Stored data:
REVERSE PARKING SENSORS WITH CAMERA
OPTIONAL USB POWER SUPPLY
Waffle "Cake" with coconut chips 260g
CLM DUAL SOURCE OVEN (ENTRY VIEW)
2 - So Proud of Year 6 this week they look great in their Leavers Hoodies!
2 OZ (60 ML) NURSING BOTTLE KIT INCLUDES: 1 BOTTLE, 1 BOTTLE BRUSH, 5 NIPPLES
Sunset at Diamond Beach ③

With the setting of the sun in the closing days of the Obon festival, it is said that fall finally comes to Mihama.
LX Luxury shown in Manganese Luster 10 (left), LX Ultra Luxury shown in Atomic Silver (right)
...
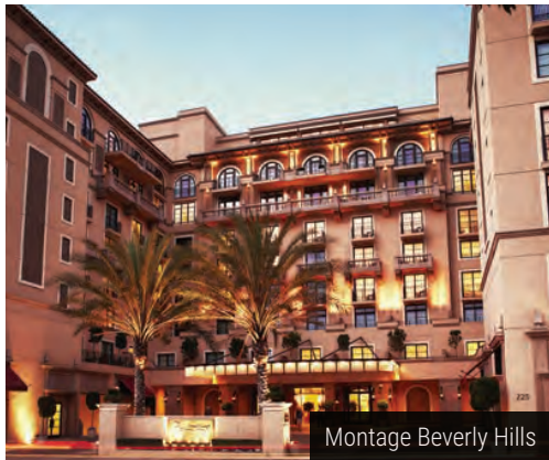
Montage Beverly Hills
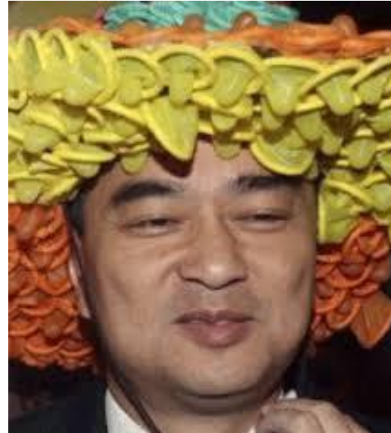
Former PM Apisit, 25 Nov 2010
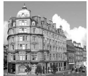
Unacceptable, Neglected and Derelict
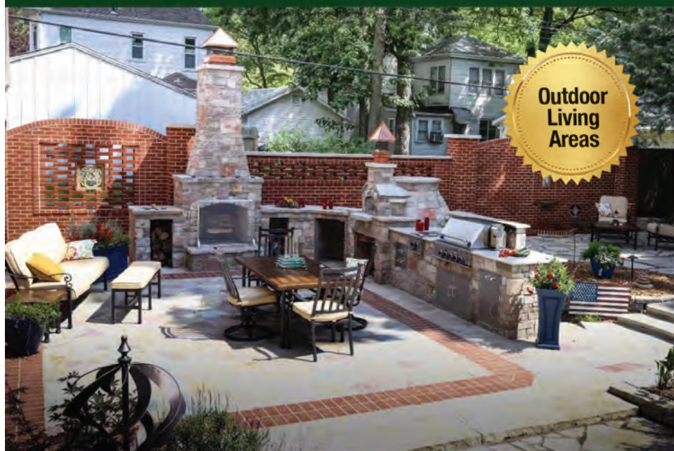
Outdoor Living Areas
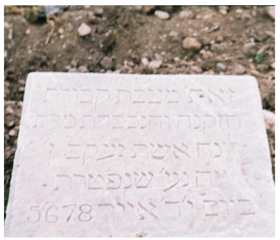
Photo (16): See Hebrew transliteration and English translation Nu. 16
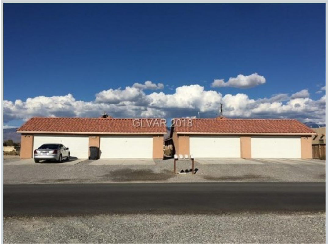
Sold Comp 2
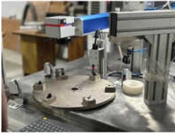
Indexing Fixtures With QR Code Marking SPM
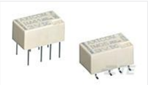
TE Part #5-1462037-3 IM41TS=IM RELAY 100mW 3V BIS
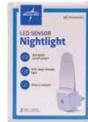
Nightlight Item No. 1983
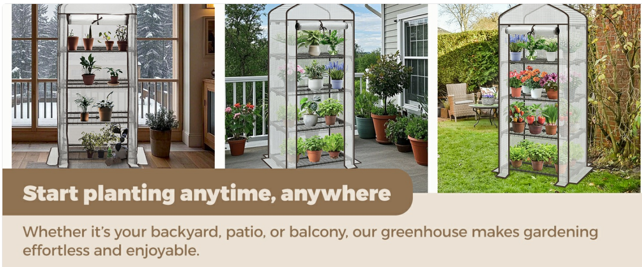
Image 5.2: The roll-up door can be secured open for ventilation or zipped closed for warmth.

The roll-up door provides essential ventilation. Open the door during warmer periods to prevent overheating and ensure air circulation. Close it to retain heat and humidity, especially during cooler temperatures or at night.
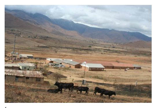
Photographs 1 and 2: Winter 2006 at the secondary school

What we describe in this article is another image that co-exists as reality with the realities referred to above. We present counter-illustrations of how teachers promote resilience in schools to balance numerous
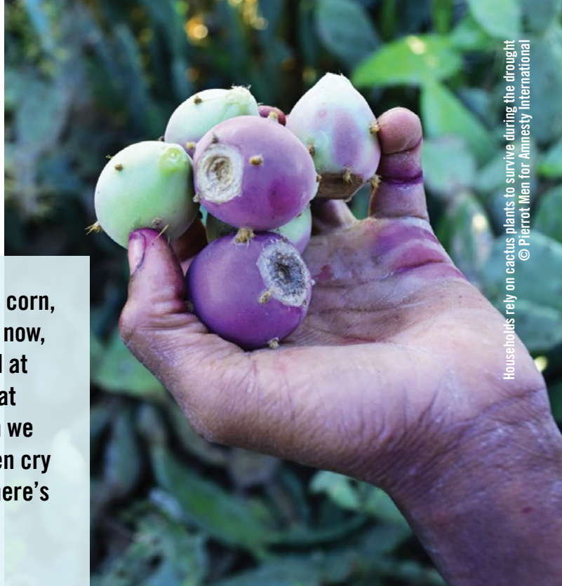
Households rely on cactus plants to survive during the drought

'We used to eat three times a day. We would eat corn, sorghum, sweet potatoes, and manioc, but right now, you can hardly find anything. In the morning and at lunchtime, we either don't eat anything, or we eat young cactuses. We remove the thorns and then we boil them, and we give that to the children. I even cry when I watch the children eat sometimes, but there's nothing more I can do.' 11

*AIM OF THE TASK*. Above are some records. Output exactly the lines from the one that contains "What we describe" to the one that contains "can do.' 11", keeping both, and omit the pictures.

*WRITTEN SOLUTION*.
What we describe in this article is another image that co-exists as reality with the realities referred to above. We present counter-illustrations of how teachers promote resilience in schools to balance numerous
Households rely on cactus plants to survive during the drought

'We used to eat three times a day. We would eat corn, sorghum, sweet potatoes, and manioc, but right now, you can hardly find anything. In the morning and at lunchtime, we either don't eat anything, or we eat young cactuses. We remove the thorns and then we boil them, and we give that to the children. I even cry when I watch the children eat sometimes, but there's nothing more I can do.' 11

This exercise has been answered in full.